[Source data]

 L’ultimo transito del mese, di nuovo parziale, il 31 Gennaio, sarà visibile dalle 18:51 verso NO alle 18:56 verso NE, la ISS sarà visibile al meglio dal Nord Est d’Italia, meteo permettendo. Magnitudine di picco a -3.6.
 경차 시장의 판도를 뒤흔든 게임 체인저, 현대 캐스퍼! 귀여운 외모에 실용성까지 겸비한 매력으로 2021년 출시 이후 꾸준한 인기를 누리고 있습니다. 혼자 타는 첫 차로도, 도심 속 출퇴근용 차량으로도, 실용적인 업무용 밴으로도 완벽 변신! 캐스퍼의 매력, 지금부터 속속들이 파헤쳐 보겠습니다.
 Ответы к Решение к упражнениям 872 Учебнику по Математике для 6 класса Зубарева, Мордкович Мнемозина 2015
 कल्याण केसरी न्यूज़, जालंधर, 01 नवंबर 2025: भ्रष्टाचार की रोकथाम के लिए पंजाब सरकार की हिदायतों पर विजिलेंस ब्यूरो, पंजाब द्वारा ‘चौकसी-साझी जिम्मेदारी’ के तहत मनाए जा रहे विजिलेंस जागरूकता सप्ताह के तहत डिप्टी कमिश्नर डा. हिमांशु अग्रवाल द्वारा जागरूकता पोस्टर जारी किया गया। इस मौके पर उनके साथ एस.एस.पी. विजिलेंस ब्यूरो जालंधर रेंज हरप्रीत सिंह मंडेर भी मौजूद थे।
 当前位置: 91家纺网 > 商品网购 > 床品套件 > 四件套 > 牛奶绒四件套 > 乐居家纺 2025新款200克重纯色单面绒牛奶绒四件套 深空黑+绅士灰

[/Source data]
[Source data]

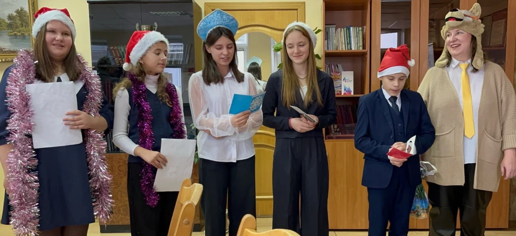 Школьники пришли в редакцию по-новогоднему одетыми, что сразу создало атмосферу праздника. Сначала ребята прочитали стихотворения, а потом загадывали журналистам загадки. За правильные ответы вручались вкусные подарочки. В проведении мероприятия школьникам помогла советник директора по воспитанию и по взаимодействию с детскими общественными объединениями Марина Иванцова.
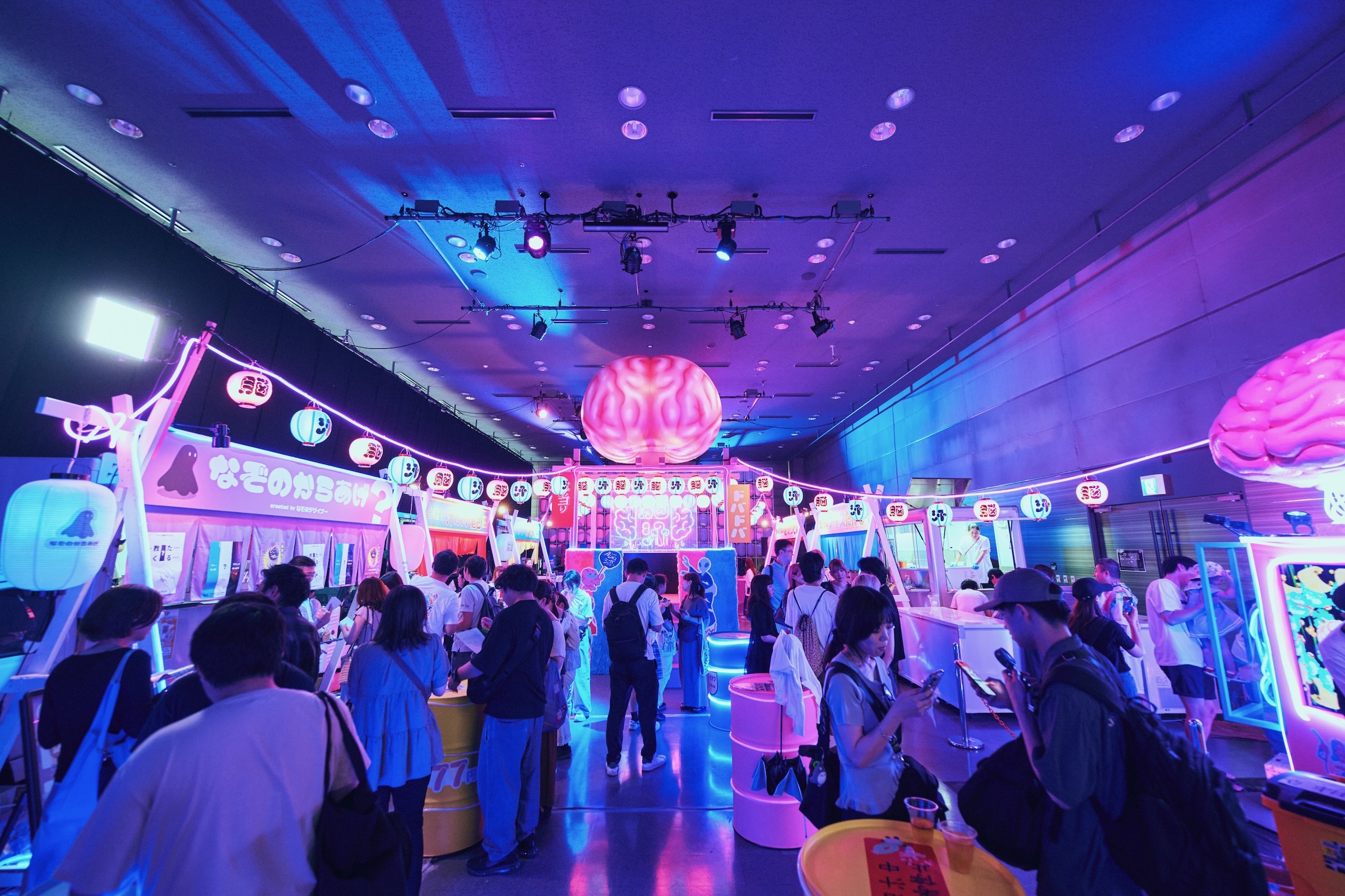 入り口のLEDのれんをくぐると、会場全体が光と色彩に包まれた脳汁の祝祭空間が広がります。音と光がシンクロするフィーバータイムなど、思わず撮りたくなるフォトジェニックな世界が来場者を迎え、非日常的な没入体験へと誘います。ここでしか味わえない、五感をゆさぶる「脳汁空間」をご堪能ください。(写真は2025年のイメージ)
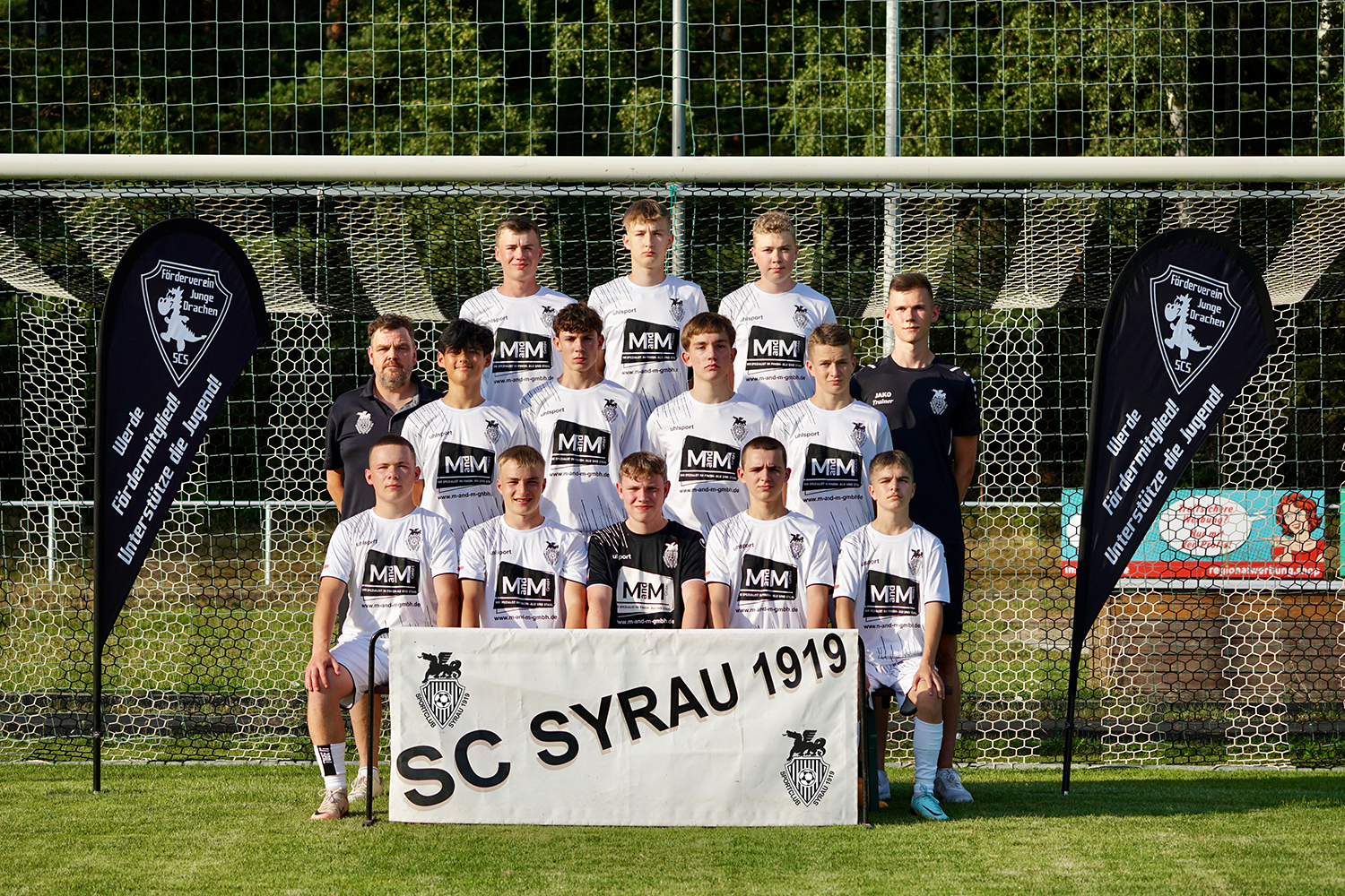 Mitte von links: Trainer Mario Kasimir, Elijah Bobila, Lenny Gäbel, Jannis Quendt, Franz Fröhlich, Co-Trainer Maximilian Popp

[/Source data]

-- Directions --
With the pictures removed, print only the lines starting at the line that has "Школьники пришли в" and ending at the line that has "Mitte von links: Trainer", both ends included, exactly as they stand above.

-- Your response --
 Школьники пришли в редакцию по-новогоднему одетыми, что сразу создало атмосферу праздника. Сначала ребята прочитали стихотворения, а потом загадывали журналистам загадки. За правильные ответы вручались вкусные подарочки. В проведении мероприятия школьникам помогла советник директора по воспитанию и по взаимодействию с детскими общественными объединениями Марина Иванцова.
 入り口のLEDのれんをくぐると、会場全体が光と色彩に包まれた脳汁の祝祭空間が広がります。音と光がシンクロするフィーバータイムなど、思わず撮りたくなるフォトジェニックな世界が来場者を迎え、非日常的な没入体験へと誘います。ここでしか味わえない、五感をゆさぶる「脳汁空間」をご堪能ください。(写真は2025年のイメージ)
 Mitte von links: Trainer Mario Kasimir, Elijah Bobila, Lenny Gäbel, Jannis Quendt, Franz Fröhlich, Co-Trainer Maximilian Popp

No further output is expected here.